One feature that was really important, copy/past over SSH with Micro which involved quite a hacky thing with iTerm2 + Tmux.Also being able to split my windows, create tabs…
But as I said I have only basic use cases and can’t really say If Kitty’s multiplexing features are on par with Tmux. However, during my web search I read about a lot of people far more knowledge than myself who actually switch to kitty from Tmux without regrets !
I like it mainly because of the image protocol and supporting both x11 and wayland. I still have alacritty installed as well because i like how damn fast it is. If alacritty had proper image support i’d probably only be using alacritty, but they are both great terminal emulators.
I recently switched from alacritty to ghostty as I wanted image support as ghostty implements the kitty protocol for it. Ghostty seems as fast as alacrity to me, but with better support.

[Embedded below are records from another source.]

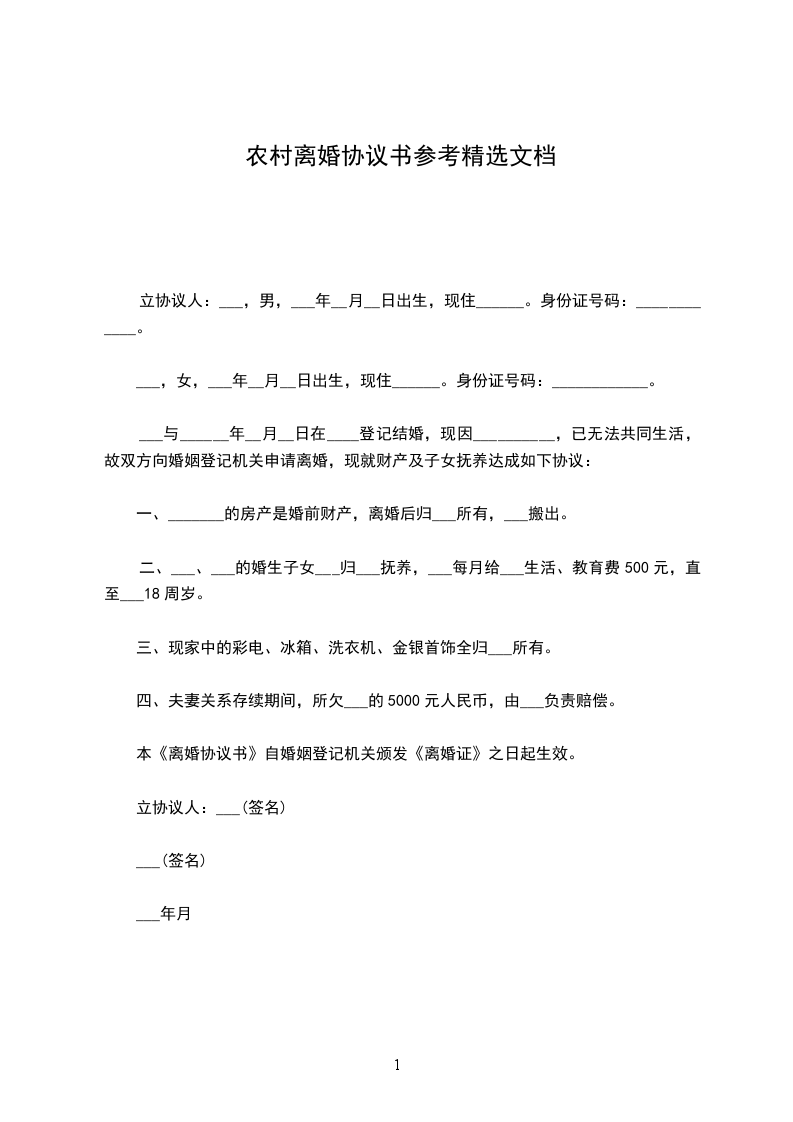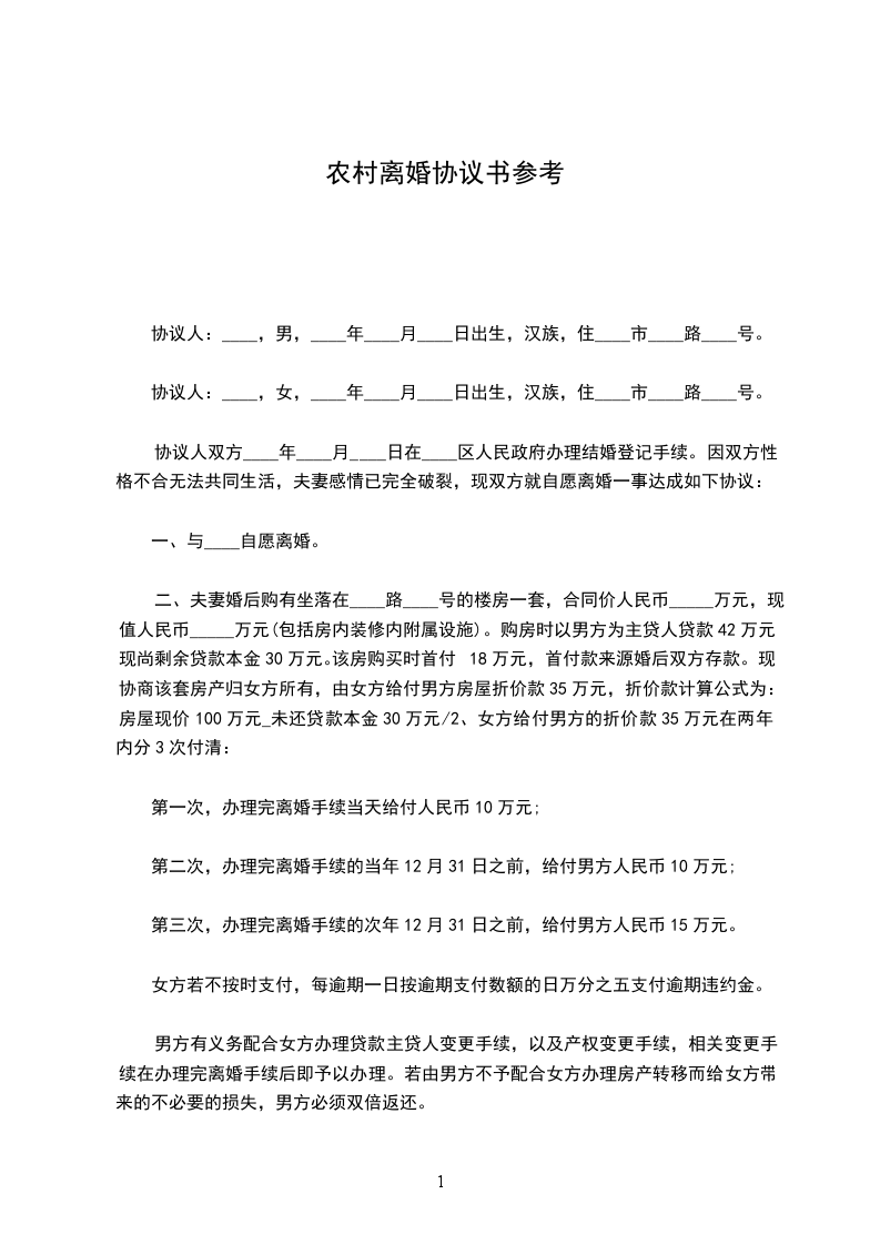 三、坐落在__村的三间三层楼房归乙方所有,其他夫妻共同财产都归甲方所有。甲方支付乙方经济补偿人民币叁拾万元整,_年农历__月__日前一次性付清。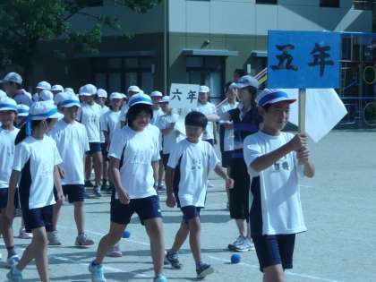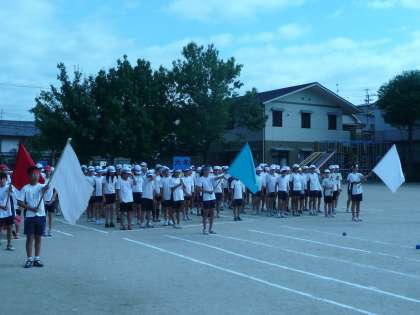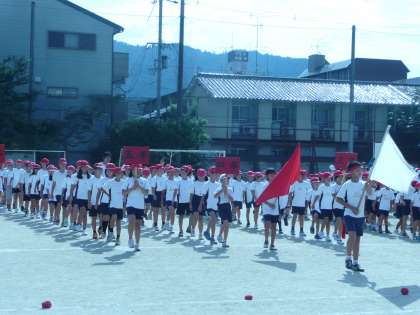 24日の運動会に向けて,今日は第1回目の全校練習を行いました。暑い中でしたが,しっかり行進し,開会式の練習に臨みました。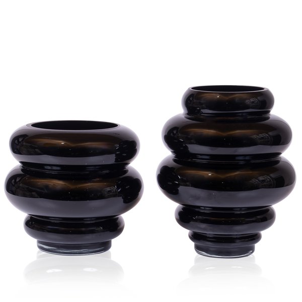 Eleve a estética do seu espaço com a Dupla de Vasos em Vidro na sofisticada cor preto.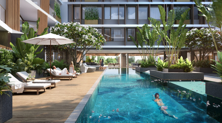 Dappled light from the landscaped gardens will dominate the surfaces throughout the resort-style amenities which include a 25m pool, viewing deck, gym and entertaining areas. Ponds and waterways have been designed into the circulation and transitional spaces to add further depth to the outdoor spaces.
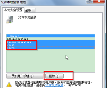 3、弹出“允许本地登录属性”窗口,只保留“Administrators”用户,其余的用户删除掉。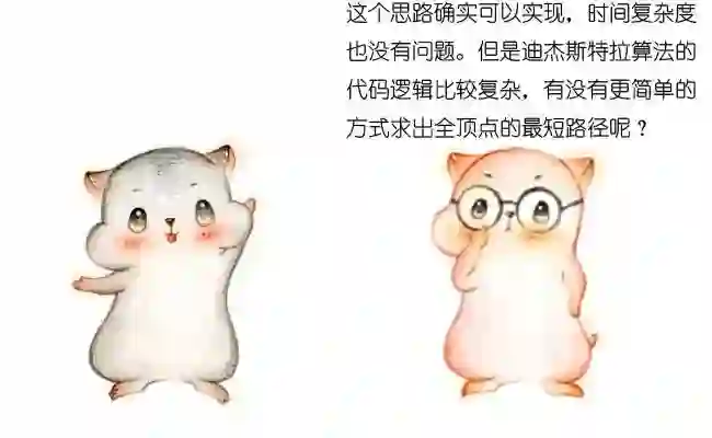 假如图中有n个顶点,如果不考虑堆优化,一次迪杰斯特拉算法的时间复杂度是O(n^2)。所以,把每一个顶点都计算一遍,总的时间复杂度是O(n^3)。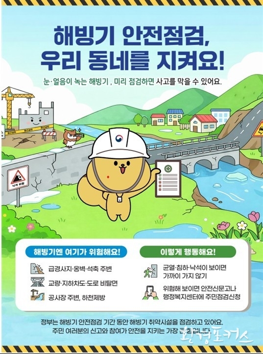 해빙기(2~4월)는 겨울철 얼어 있던 지표면이 기온 상승으로 녹으면서 지반이 약화되는 시기로, 이로 인해 붕괴·전도·낙석 등 각종 안전사고 발생 위험이 증가하는 시기다.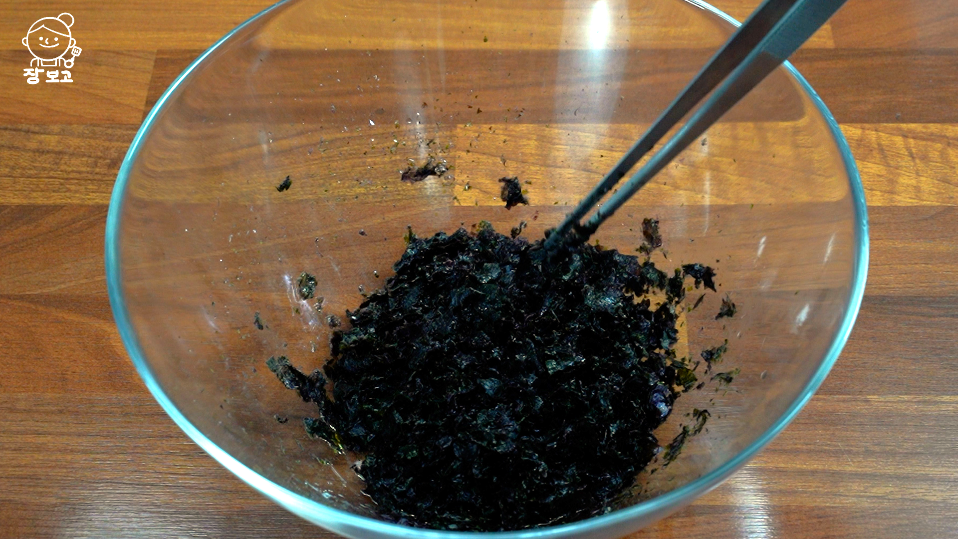 재래김, 감자전분, 참기름, 진간장, 고춧가루, 전자레인지용 유리볼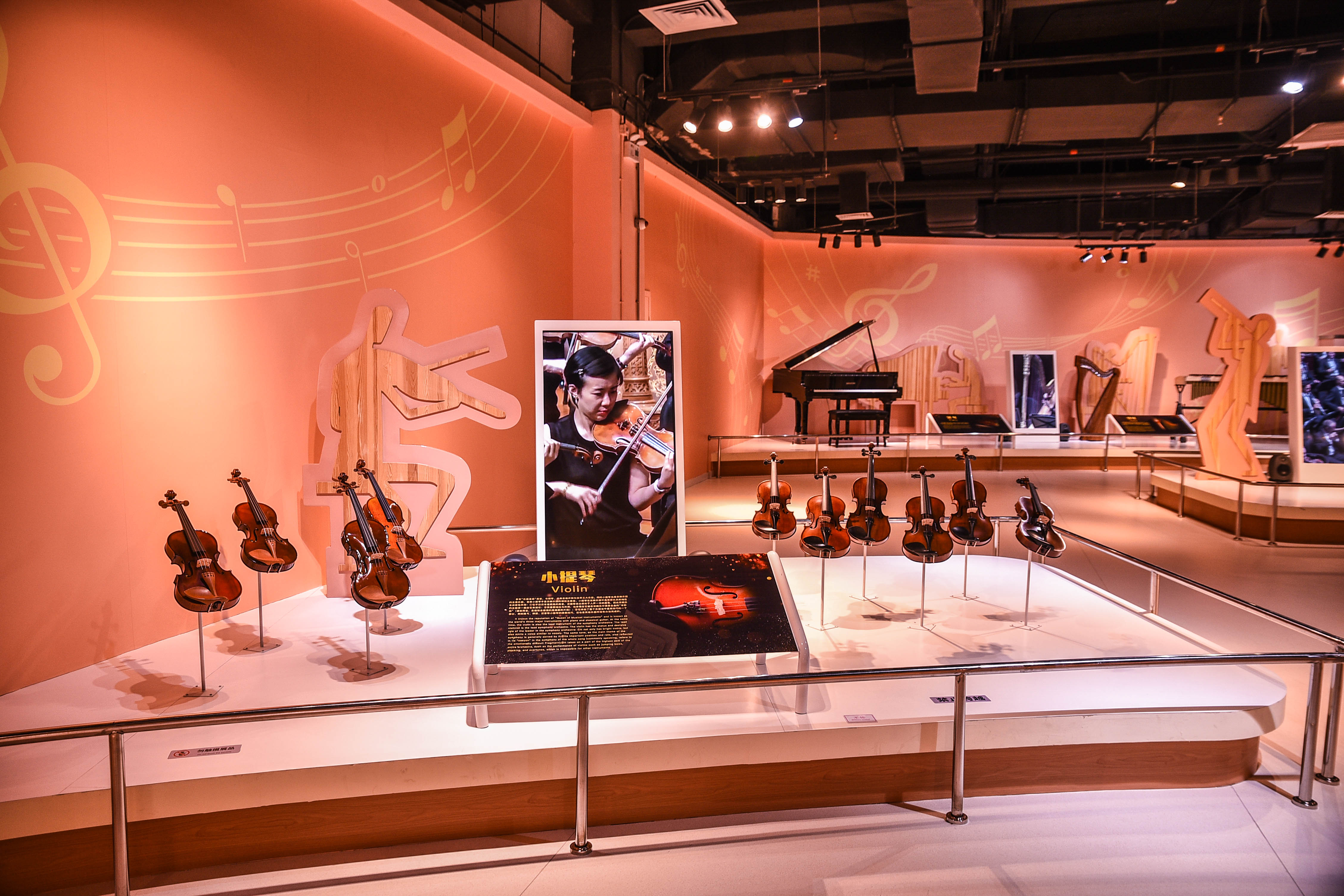 交响演奏厅里正播放贝多芬的《命运》,每一种乐器旁都设置了一块屏幕,走近就能清晰地听到乐器的音色,让观众了解到不同的乐器是如何在团队中发挥自己的特长。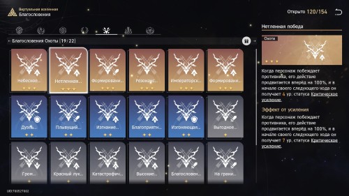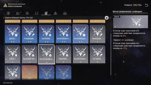 При этом следует учесть, что хоть вам и будут чаще выпадать благословения пути Охоты, однако их дроп все же носит случайный характер. Поэтому если вы не видите нужных бонусов, то берите баффы на повышение урона из других путей. Естественно, следует учитывать используемых персонажей. Если у вас есть дамагеры с бонус-атаками, то берите побольше благословений Радости, а если с периодическим уроном, то Небытия.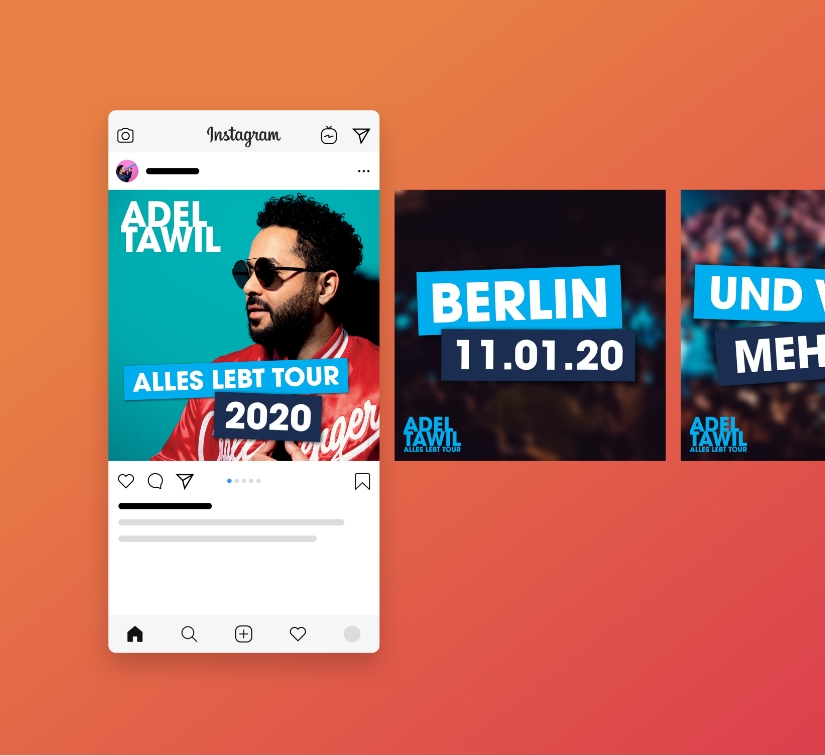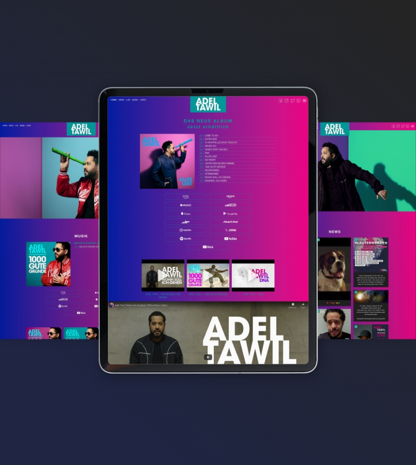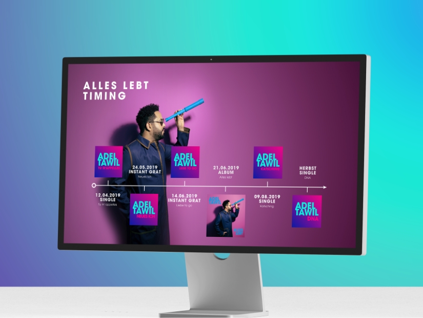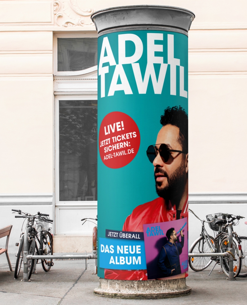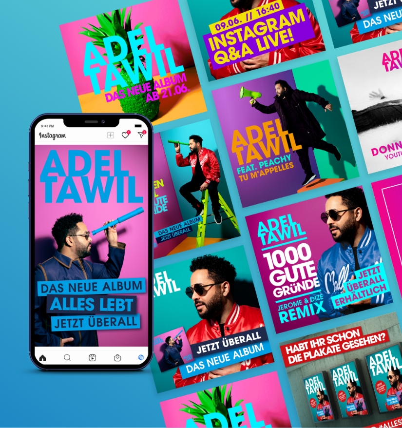 Den deutschen Musiker und Songwriter Adel Tawil durften wir zwei Jahre lang intensiv begleiten. Besonders positiv ist uns hier das Projekt um das Packaging und die Vermarktung des Hit-Albums „Alles lebt“ in Erinnerung. Neben der Gestaltung der CD, der LP und des Booklets durften wir werbetechnisch mit Großflächenbeklebungen und Social Media Beiträgen die Vermarktung des Albums unterstützen. Eine willkommene Zusammenarbeit unter Kreativen.

It even has a tmux type replacement, although I haven’t used it as I don’t need it with sway doing that for me.
Yeah Alacritty was my second pick, but after reading their documentation it seemed more for people accustomed to Vi and the like.
So yeah that’s not something I’m willing to spare some time right now, anyway I’m mostly doing some “sys admin” stuff in my homelab, so simple text editing in a simple terminal is a better fit in my workflow/learning process !
Images in the terminal? At that point you’re just reinventing the GUI.
you are aware that TUI has been a standard thing for ages, right? wanting GUI features inside a terminal isn’t new and i’m not sure if you had a point with this comment other than trying to dunk on them…
It’s very convenient for terminal based file managers. I use it to preview my wallpapers images and then i use a keybind to set it as the wallpaper for my window manager. I also recently started using rmpc, an mpd client that can display album art.